Mittlerweile hatte die ausverkaufte Halle angefangen zu kochen. Zwischenzeitlich können die Baskets immer wieder ihre offensive Klasse aufblitzen lassen. Prepelic und Machado treffen jeweils einen schweren Dreier und verkürzen das Ergebnis auf 31:39 – Die Fans der Oldenburger schöpfen in dieser Phase Hoffnung, doch die Franzosen ziehen das Tempo sofort wieder an und setzen sich, nachdem Brian Qvale sein drittes Foul kassiert, wieder deutlicher ab. Bis zur Halbzeit wieder auf eine deutliche 13-Punkte-Führung. Mit einem 48:35 wären die Oldenburger aus dem Wettbewerb ausgeschieden.

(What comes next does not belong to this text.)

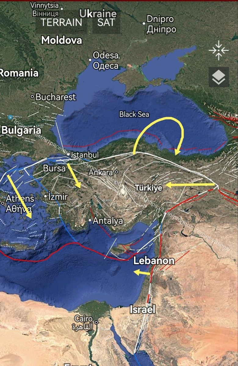 В ответ на пост Над Турцией сформировался облачный сейсмотектонический индикатор протяженностью более 2000 км (фото 2-3). Судя по форме облачной структуры и ее смещению, трассируется граница Анатолийской плиты и часть Аравийской. На фото 5 в моменте чуть раньше можно также рассмотреть облачные трассеры от рифтовой зоны Черного моря, которые потом трансформируются в контуры Анатолийской плиты с поворотом против часовой стрелки. Протяжённость ОСТИ дает потенциальную магнитуду до М7.8+/-0.2. Вероятность очень сильного землетрясения по данной зоне имеется до конца ноября. ===== A cloud seismotectonic indicator with a length of more than 2000 km has formed over Turkey. Judging by the shape of the cloud structure and its displacement, the boundary of the Anatolian plate and part of the Arabian Plate is traced. The length of the CSTI gives a potential magnitude of up to M7.8+/-0.2. There is a possibility of a very strong earthquake in this area until the end of November.

Strasbourg zieht Zügel immer wieder an

Auch nach der Pause zeigte sich das gleiche Bild. Immer wenn die Oldenburger versuchten einen kleinen Lauf zu starten, reagierten die Franzosen mit guter Defense und ansehnlichen Spielzügen in der Offense. Vor allem die gute Trefferquote von Strasbourg brach den Baskets in einer frühen Phase des dritten Viertels bereits das Genick. Am Ende sollte die Franzosen 58% Trefferquote aus dem Zweier-Bereich und starke 47% aus dem Drei-Punkte-Bereich vorweisen. Auch bei den Rebounds zeigte sich eine klare Überlegenheit der gut eingestellten Strasbourger, die dieses Duell mit 36:20 für sich entschieden. Mit einem Ergebnis von 49:73 war die Partie bereits vor dem Schlussviertel entschieden.

Drijencic zufrieden mit dem Erreichten

Die Huntestädter glaubten im letzten Viertel nicht mehr wirklich daran, dass es noch zu einer Wende kommen kann. Die blau gekleideten EWE Baskets versuchten stets mit erhobenen Haupt verlieren zu können und hielten mit allem dagegen, aber SIG Strasbourg war in allen Belangen eine Nummer besser. Fünf Minuten vor dem Ende ließ Mladen Drijencic seine zweite Garde auf das Feld. Lockhart, Wimberg und Dennis Kramer bekamen noch ein paar Eurocup-Minuten. Die Franzosen durften nach dem deutlichen 93:64-Erfolg zu Recht die nächste Runde feiern.

Beste Akteure bei den Oldenburgern waren noch Brian Qvale (8 Punkte, 5 Rebounds) und Klemen Prepelic (13 Punkte). Bei den starken Franzosen überragte vor allem Mardy Collins mit 16 Punkten und 7 Assists. Dem Ex-Ulmer Matt Howard gelang sogar ein Double-Double mit 11 Punkten und 11 Rebounds.

Trainer Mladen Drijencic betonte auf der Pressekonferenz: „Keiner hätte am Saisonbeginn darauf gewettet, dass wir soweit kommen können. Wir sind stolz auf das Erreichte und faire Sportsmänner um anzuerkennen, dass Strasbourg besser war“.